On loans with maturities
of more than one year, where the SBA's portion exceeds $150,000 but not more
than $700,000, the guaranty fee is 3 percent, and it is 3.5 per ent on loans
over $700,000.
Collateral
You must pledge
sufficient assets, to the extent that they are reasonably available, to adequately
secure the loan. Personal guaranties are required from all the principal owners
of the business. Liens on personal assets of the principals may be required.
However, in most cases a loan will not be declined where insufficient
collateral is the only unfavorable factor.
Eligibility
Your business
generally must be operated for profit and fall within the size standards set by
the SBA. The SBA determines if the business qualifies as a small business based
on the average number of employees during the preceding 12 months or on sales
averaged over the previous three years.

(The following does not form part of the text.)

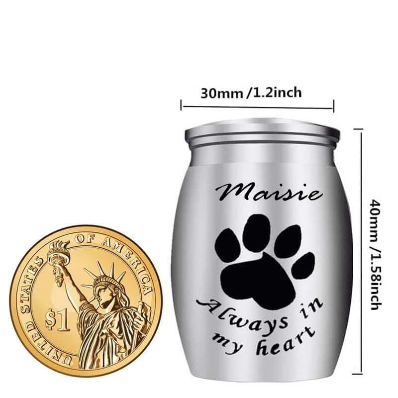 - Compact Size: Small and discreet, ideal for keeping your pet's ashes close. Size:1.18"L x 1.18"W x 1.58"H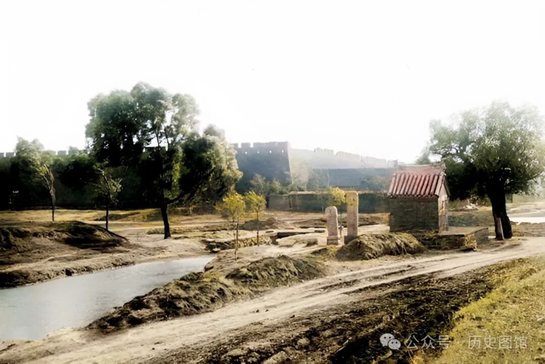 1930年,站在海城城外,这里能看到城墙的一角。城墙高大壮观,上面的垛口有几处缺失。护城河边的小路旁,矗立着一座小庙,应该是座土地庙。小庙的旁边,立着两通石碑。

Loans cannot be made to businesses
engaged in speculation or investment.
Maximum Size Standards
Manufacturing from 500 to 1,500 employees
Wholesaling - 100 employees Services - from $2.5 million
to $21.5 million in annual receipts
Retailing from $5 million to $21 million
General construction - from $13.5 million to $17 million
Special trade construction - average annual
receipts not to exceed $7 million Agriculture from $0.5 million to $9 million
What You Need to Take
to the Lender Documentation requirements may vary; contact your lender for the
information you must supply.
Common requirements include the following:
· Purpose of the loan
· History of the
business
· Financial statements
for three years (existing businesses)
· Schedule of term
debts (existing businesses)
· Aging of accounts
receivable and payable (existing businesses)
· Projected opening day
balance sheet (new businesses)
· Lease details
· Amount of investment
in the business by the owner(s)
· Projections of
income, expenses and cash flow
· Signed personal
financial statements
· Personal resume(s)
What the SBA Looks for:
1. Good character
2. Management
expertise and commitment necessary for success
3. Sufficient funds,
including the SBA-guaranteed loan, to operate the business on a sound financial
basis (for new businesses, this includes the resources to meet start-up
expenses and the initial operating phase)
4. Feasible business
plan
5. Adequate equity or
investment in the business
6. Sufficient
collateral
7. Ability to repay
the loan on time from the projected operating cash flow.